Postoperative pain treatment is routinely started before admission to the intensive care unit with a long-acting opioid. In contrast, remifentanil is an analog of fentanyl and is rapidly hydrolyzed by esterases in plasma and tissues. It has a context-sensitive half-life of 3–4 min that is independent of the duration of infusion (4–6). These characteristics facilitate titration of dose to effect and also allow the use of very large doses without prolonging recovery from its effects (7). Rapid onset and metabolism enable prompt control of the perioperative stress response and allow rapid recovery (8). This makes remifentanil the most predictable opioid for precise pain treatment.
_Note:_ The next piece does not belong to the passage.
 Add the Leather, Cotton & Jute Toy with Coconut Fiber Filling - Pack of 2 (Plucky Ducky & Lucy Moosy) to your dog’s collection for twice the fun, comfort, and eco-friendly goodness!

However, rapid onset and potency require individual dose titration in spontaneously breathing patients. Remifentanil for postoperative pain treatment has been described by a number of authors using different remifentanil doses in combination with an opioid rescue therapy (9–12). None of these investigations was performed in patients after cardiac surgery and only in the study by Schraag et al. (13) was remifentanil administered continuously for more than 1 h after tracheal extubation. Nonsteroidal antiinflammatory drugs (NSAIDs) are frequently used in combination with opioids in the postoperative period and these drugs effectively reduce opioid consumption in noncardiac surgery patients (14,15).
The aim of this investigation was to demonstrate the feasibility of providing sufficient postoperative analgesia with a manually titrated continuous infusion of remifentanil after cardiac surgery. Another goal of our study was to define the effective remifentanil dose necessary for adequate pain relief when remifentanil is applied in combination with a single IV dose of lornoxicam, a non-opioid NSAID. Compared with previous investigations remifentanil in this study was administered for 6 h in tracheally extubated patients.
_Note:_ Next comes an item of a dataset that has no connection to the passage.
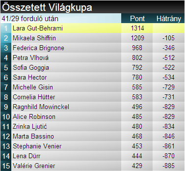 A szakági világkupában az éllovas Goggia előnye 3 versennyel a szezon vége előtt vészesen fogy. Gut-Behrami már csak 41 pontra van, de további 3 síző is már 100 ponton belülre zárkózott. Nehéz elképzelni, hogy a sérült olasz bárhogyan az élen maradna, inkább Lara esetében kezdhetünk számolgatni, meglesz-e 3 szakági cím is. Összetettben a svájci már egy győzelemnyinél nagyobb előnnyel rendelkezik, és minthogy Shiffrin esetében erősen kérdéses, hogy a következő két gyorsasági hétvégére visszatérne, így Gut-Behrami egyre nagyobb esélyese a szezonnak.

With approval from our ethics committee and after written, informed consent, 30 patients of either gender, ASA physical status III–IV, undergoing elective cardiac surgery were included in our study. Patients were excluded if there was evidence of renal disease, hypersensitivity to opioids, allergy or sensitivity to NSAIDs, previous history of peptic ulcer disease, alcohol or drug abuse, neurological deficit, congestive heart failure (ejection fraction <40%), age <18 yr or >80 yr, a body mass index >35, pregnancy, participation in another clinical study, or language problems. Heart failure may preclude fast track anesthesia whereas old age and extreme obesity may delay weaning from mechanical ventilation, prompting exclusion of such patients from our study. The purpose and protocol of our study and the use of the visual analog scale (VAS) were explained to all patients preoperatively (16).
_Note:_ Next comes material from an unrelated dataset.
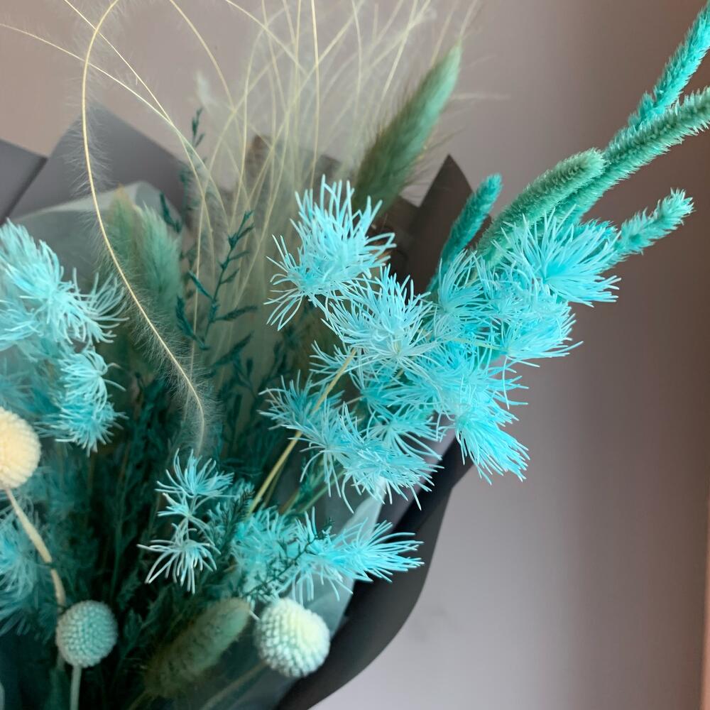 Краспедия – 3 шт.Аспарагус – 5 шт.Стифа – 3 шт.Лагурус – 4 шт.Флум – 2 шт.кортадерия – 1 шт.Упаковка дизайнерская – 1 шт.

Patients were premedicated with 7.5 mg of midazolam PO 1 h before surgery. Intraoperative monitoring included electrocardiogram, arterial and central venous pressures, pulse oximetry, and capnometry (9000 XL; Siemens Medical Solutions Inc., Sweden). Anesthesia was induced with midazolam (0.05 mg/kg) followed by 2–3 mg · kg−1 · h−1 of propofol and a continuous IV infusion of remifentanil (ULTIVA®, Glaxo Smith Kline Pharma GmbH, Vienna, Austria) at 0.25–0.5 μg · kg−1 · min−1 until loss of consciousness (i.e., loss of response to verbal commands and loss of the eyelash reflex). Tracheal intubation was facilitated with 0.2 mg/kg of cisatracurium and patients were mechanically ventilated using a mixture of 50% oxygen in air. Anesthesia was maintained by continuous administration of remifentanil at 0.15–0.4 μg · kg−1 · min−1 and propofol 3–6 mg · kg−1 · h−1.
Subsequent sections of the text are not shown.